The full listing, exactly as written and with no images, is the expected output.

# SOURCE DATA
######
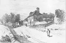 Merrill exhibited in a number of art galleries, including the Salmagundi Club in New York City.[20] A Boston newspaper reviewed an 1885 exhibition of watercolors at Chase's Art Gallery. (The Bromley Arms, which became the Donnithorne Arms in George Eliot's novel Adam Bede, was painted by Merrill when he was in England.)
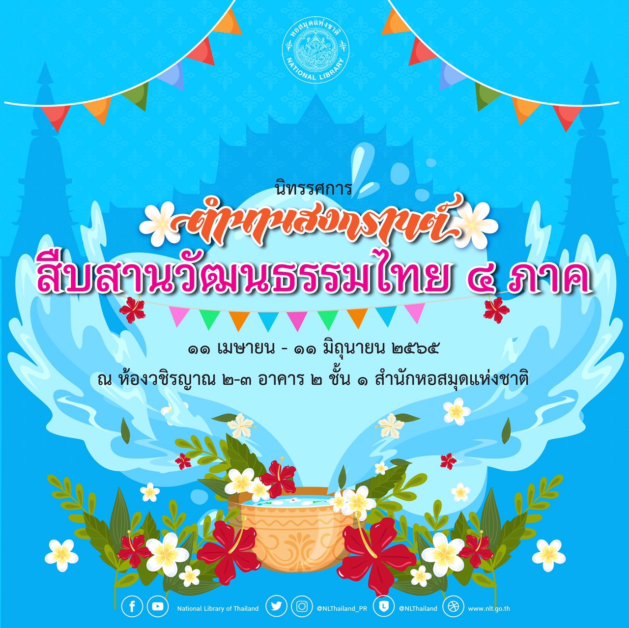 สำนักหอสมุดแห่งชาติ ขอเชิญชมนิทรรศการ “ตำนานสงกรานต์ สืบสานวัฒนธรรมไทยสี่ภาค” ผ่านการสัมผัสและเรียนรู้เรื่องราวความเป็นมาทางวัฒนธรรมประเพณีสงกรานต์ หรือวันขึ้นปีใหม่ของชาวไทย ประเพณีเก่าแก่ที่สืบทอดกันมาแต่โบราณที่ยังคงความงดงาม อ่อนโยน เอื้ออาทร และเต็มไปด้วยบรรยากาศของความกตัญญู ความสนุกสนาน ความอบอุ่น และการให้เกียรติเคารพซึ่งกัน
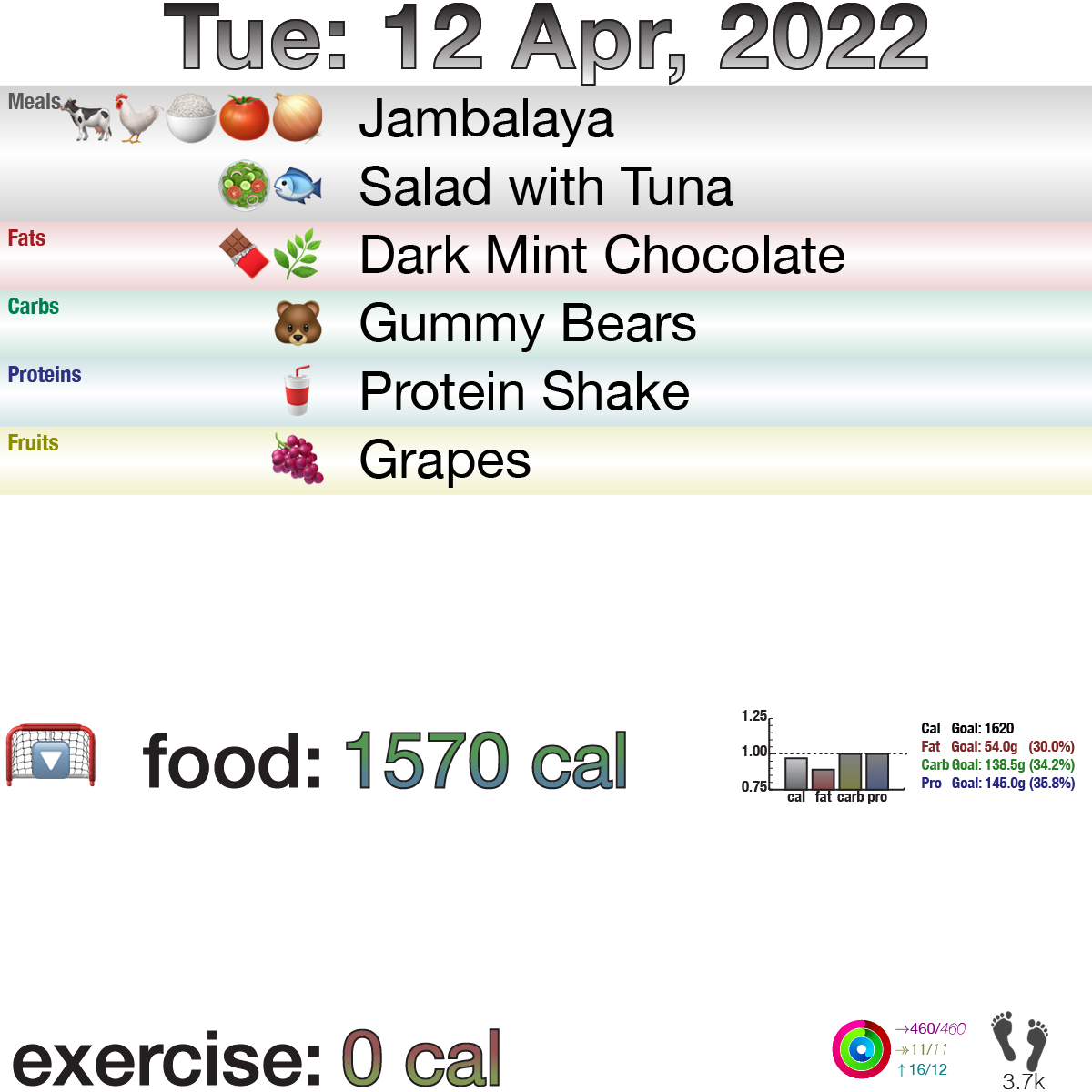 Posted without comment, although these probably should have asterisks on the calories. See previous post(s) for explanation of WTF happened on Friday. And I clearly cheated on my fitness rings.
######
# SOLUTION FOR THIS EXERCISE
 Merrill exhibited in a number of art galleries, including the Salmagundi Club in New York City.[20] A Boston newspaper reviewed an 1885 exhibition of watercolors at Chase's Art Gallery. (The Bromley Arms, which became the Donnithorne Arms in George Eliot's novel Adam Bede, was painted by Merrill when he was in England.)
 สำนักหอสมุดแห่งชาติ ขอเชิญชมนิทรรศการ “ตำนานสงกรานต์ สืบสานวัฒนธรรมไทยสี่ภาค” ผ่านการสัมผัสและเรียนรู้เรื่องราวความเป็นมาทางวัฒนธรรมประเพณีสงกรานต์ หรือวันขึ้นปีใหม่ของชาวไทย ประเพณีเก่าแก่ที่สืบทอดกันมาแต่โบราณที่ยังคงความงดงาม อ่อนโยน เอื้ออาทร และเต็มไปด้วยบรรยากาศของความกตัญญู ความสนุกสนาน ความอบอุ่น และการให้เกียรติเคารพซึ่งกัน
 Posted without comment, although these probably should have asterisks on the calories. See previous post(s) for explanation of WTF happened on Friday. And I clearly cheated on my fitness rings.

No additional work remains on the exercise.